Building on the announcements made at this year’s Summit, Snowflake has released a number of new enhancements, especially in the areas of data programmability, global governance, and data sharing. Read on to learn more. For additional details and to see some of these new capabilities in action, be sure to check out the on-demand sessions from Summit. 

DATA PROGRAMMABILITY

Say Hello to Data Programmability in Snowflake with Snowpark and Java UDFs 

At Snowflake Summit 2021, we announced that Snowpark and Java user-defined functions (UDFs) were starting to roll out to customers. These features are now available in preview to all customers on AWS and represent a major advancement in data programmability, enabling you to more easily leverage Snowflake’s platform to do more for you.

  • Snowpark is a new developer experience Snowflake uses to bring deeply integrated, DataFrame-style programming to the languages developers like to use, starting with Scala. Snowpark is designed to make building complex data pipelines a breeze and to allow developers to interact with Snowflake directly without moving data.
  • With Java UDFs, customers can run their Java code right inside of Snowflake for better performance, greatly expanding the transformation capabilities and reducing the management complexity of hosting external services.

Snowpark and Java UDFs open up the data programmability of Snowflake to non-SQL developers, so they can use their preferred languages and tooling and execute with Snowflake to get the benefits of the Data Cloud’s performance, ease of use, scalability, and much more. Try Snowpark and Java UDFs yourself with this step-by-step guide.
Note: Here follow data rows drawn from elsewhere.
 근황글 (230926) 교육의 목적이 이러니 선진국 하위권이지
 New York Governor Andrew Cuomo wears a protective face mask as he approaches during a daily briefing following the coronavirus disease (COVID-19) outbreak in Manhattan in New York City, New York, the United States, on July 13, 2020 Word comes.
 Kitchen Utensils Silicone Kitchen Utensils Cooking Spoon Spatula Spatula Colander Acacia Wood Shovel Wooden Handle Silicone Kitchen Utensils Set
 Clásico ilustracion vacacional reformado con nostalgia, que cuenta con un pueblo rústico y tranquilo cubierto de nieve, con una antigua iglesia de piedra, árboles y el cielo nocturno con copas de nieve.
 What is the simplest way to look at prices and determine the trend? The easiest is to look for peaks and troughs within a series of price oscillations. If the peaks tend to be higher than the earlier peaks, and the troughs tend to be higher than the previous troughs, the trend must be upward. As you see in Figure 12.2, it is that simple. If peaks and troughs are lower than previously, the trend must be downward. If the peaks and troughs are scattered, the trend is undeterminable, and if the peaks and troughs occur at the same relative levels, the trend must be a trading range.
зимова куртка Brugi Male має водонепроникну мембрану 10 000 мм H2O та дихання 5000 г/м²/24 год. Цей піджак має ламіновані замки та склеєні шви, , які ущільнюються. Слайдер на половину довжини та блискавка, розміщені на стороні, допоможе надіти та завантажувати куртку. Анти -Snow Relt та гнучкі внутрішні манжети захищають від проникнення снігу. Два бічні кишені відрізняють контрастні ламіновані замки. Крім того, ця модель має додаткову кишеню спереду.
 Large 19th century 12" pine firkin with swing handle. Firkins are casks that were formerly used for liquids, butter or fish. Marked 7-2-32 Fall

Extensibility with External Functions for Google Cloud API Gateway 

Modern analytical workloads often require complex transformations or augmentations that require using custom code or third-party services. However, using external services and libraries can often complicate data pipelines. To simplify using remote services, Snowflake created the External Functions feature, which enables users to invoke external APIs and custom code from within Snowflake and blend the results into their query results. External functions are now available for Google API Gateway, so they are now generally available for all three major cloud providers, including support for virtual private endpoints (VPCs) on AWS. Try external functions yourself by following this step-by-step guide.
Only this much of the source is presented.